Meski demikian, dari 10 makanan khas Indonesia yang disebut-sebut sudah langka, tiga di antaranya masih dapat ditemui dan dinikmati oleh para pecinta kuliner di Festival Jajanan Bango (FJB) 2019 yang diselenggarakan pada 16-17 Maret, di area parkir Squash, Gelora Bung Karno (GBK) Senayan, Jakarta.
Ketiga kuliner asli Indonesia yang sudah sulit ditemukan itu adalah Bubur Ase Mpo Neh, Sate Kuah Pak H. Diding, dan Cungkring Pak Jumat.
Investor Daily pun sempat mewawancarai ketiga penjaja kuliner langka itu di sela-sela kegiatan FJB 2019, guna mencari tahu apa yang menjadi penyebab langkanya makanan tersebut.
Muhammad Nasrulloh, yang merupakan generasi kedua dari usaha Bubur Ase Mpo Neh, mengakui jika warung Bubur Ase khas Betawi ini memang semakin sulit ditemukan di Jakarta. Bahkan, sepengetahuan pria yang akrab dipanggil Heru itu, di Jakarta hanya ada tiga penjaja.
Bubur Ase merupakan singkatan dari asinan semur, yakni perpaduan antara bubur, asinan sawi, dan kuah semur. Warung yang sudah berdiri sejak 1968 itu, sampai sekarang masih tetap ada dan berlokasi di sebuah gang sempit di daerah Kebon Kacang. Beberapa bulan lalu, Bu Neh meninggal dunia dan usahanya dilanjutkan oleh anaknya.
Menurut Heru, alasan dibalik langkanya Bubur Ase Mpo Neh dikarenakan resep tradisional yang sudah turun-temurun lebih banyak diturunkan kepada keluarga, dan pengolahan bahan baku bubur yang rumit.

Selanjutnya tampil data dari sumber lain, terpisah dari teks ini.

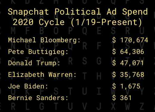 In other news, we’ve started digging deeper into the political Snapchat ads archive , and we’ll continue to share spending numbers as the election heats up. Typically, campaigns and organizations don’t have to spend hundreds of thousands of dollars on the platform to reach their intended audiences - but we noticed that Michael Bloomberg’s campaign did so anyway. He became the top spending candidate on Snapchat in just the last two weeks of 2019.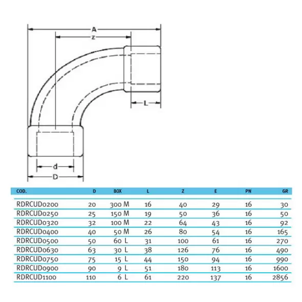 Отвод плавный 90° EFFAST d110mm RDRCUD1100 из непластифицированного поливинилхлорида PVC-U. Пр-во Италия. Изделия из ПВХ оптимальны для транспортировки жидкостей от 1 до 60°C под давлением и могут использоваться в системах водоснабжения и водоподготовки.

“Satu memang karena ini resep tradisional yang sudah turun temurun, jarang diturunin ke orang lain, kecuali orang itu mau belajar. Jadi resep ini lebih diturunkan kepada keluarga. Atau kemungkinan karena agak ribet dalam pengolahan buburnya. Tapi, kalau menurut saya nggak ribet karena sudah terbiasa membantu dari kecil. Jadi secara tidak langsung saya sudah belajar dari kecil dengan membantu orangtua setiap harinya,” ujar dia.